The report also projects that it is “virtually certain” that increases in the frequency and magnitude of warm daily temperature extremes will continue through this century, and that there will be corresponding decreases in cold extremes. It’s also very likely that heat waves and warm spells will become more frequent and warmer. Heavy rainfall events are also expected to increase, and the proportion of rain falling in those events is likely to increase. There are also likely to be more problems from storm surges and sea level rises, an increase in droughts, and landslides in mountainous regions.

Much of the report’s content will come as little surprise to those who have been following the subject — in common with previous IPCC reports the conclusions are conservative, couched in laboriously exact language, and exclude the most recent work1 — and for me the most interesting parts are the discussions of how extreme weather events interact with human populations to create disasters. In this respect, arguing about whether an event was “caused by” or “made worse by” warming is largely irrelevant to trying to find ways to reduce the impact of current and future extremes.

See also: Jeff Masters has an interesting post going into more detail about the report’s findings, RealClimate considers the report’s discussion of tropical cyclones, plus news reporting from the BBC, Guardian, and Reuters.

Meanwhile, the usual suspects are scrabbling around looking for ways to misrepresent the report’s findings.
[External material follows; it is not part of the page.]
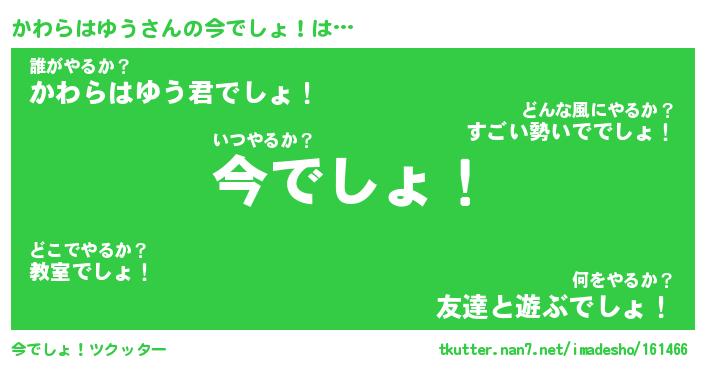 | ヒーロー風カッコイイあだ名 | 『スーパーカワラハユウ』『天弓騎士カワ』 |

The most egregious to date comes from Nigel Lawson’s secretly-funded “Global Warming Policy Foundation”, who pick a paragraph out of context and pretend that it shows that…

According to a preliminary report released by the IPCC, there will be no detectable influence of mankind’s influence on the Earth’s weather systems for at least thirty years, and possibly not until the end of this century.

… which is not what the report says at all!

Finally, Green.TV and WeatherUnderground have launched a new twice monthly video on current global extreme weather events. Here’s the first episode:

Definitely one to follow with interest…

  1. Unavoidable, given the way these things are put together.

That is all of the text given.